== Segment start ==

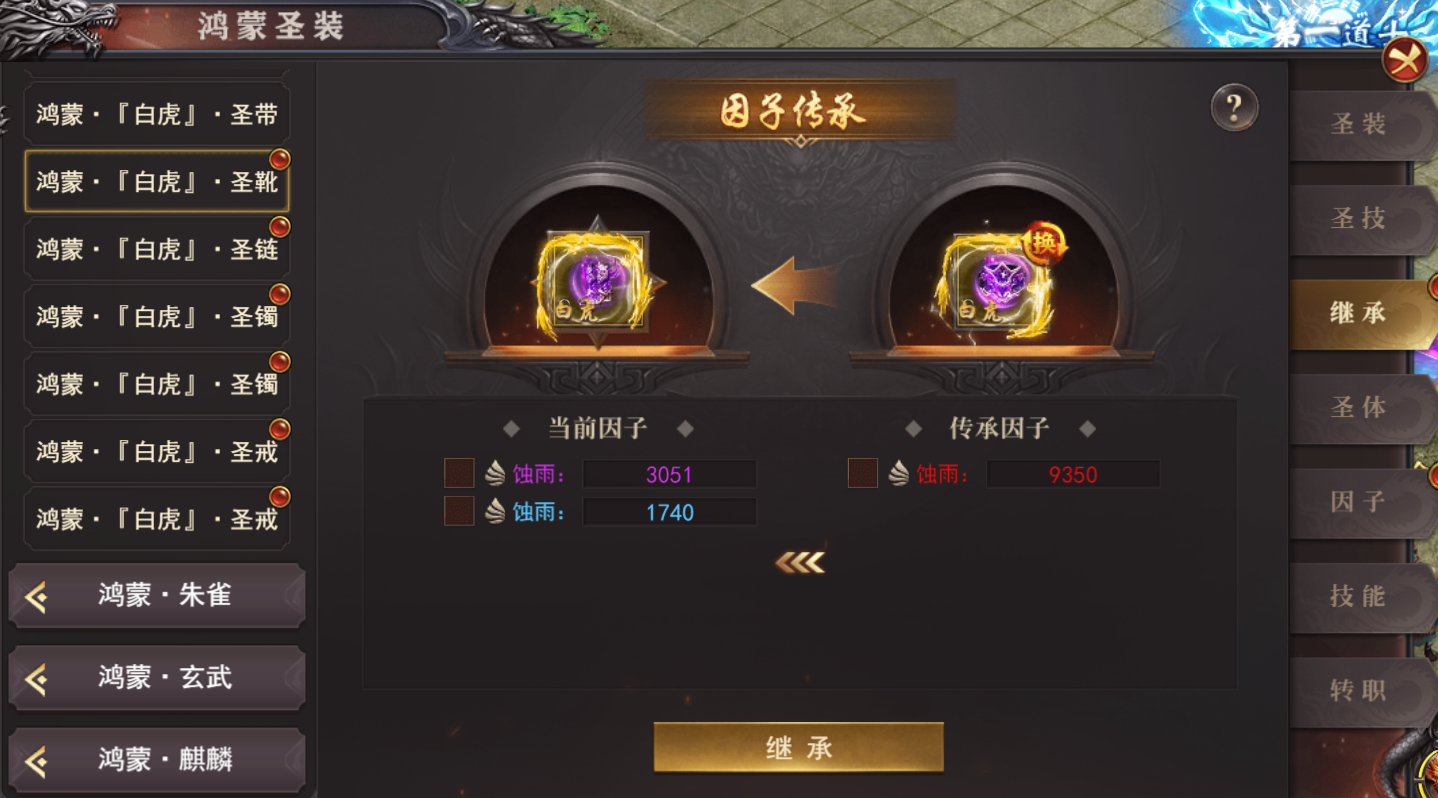 (1)可通过继承把鸿蒙因子转移到同阶的另一件装备上
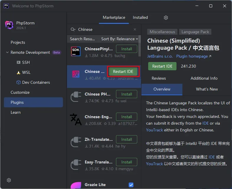 25.点击“Restart IDE”
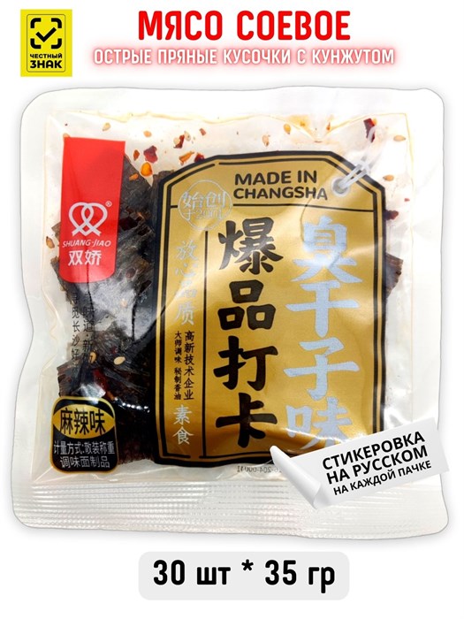 Мясо соевое Острые пряные кусочки с кунжутом Shuang Jiao (04093) 35 гр

== Segment end ==

Retype the data above exactly; pictures are not part of the copy.

 (1)可通过继承把鸿蒙因子转移到同阶的另一件装备上
 25.点击“Restart IDE”
 Мясо соевое Острые пряные кусочки с кунжутом Shuang Jiao (04093) 35 гр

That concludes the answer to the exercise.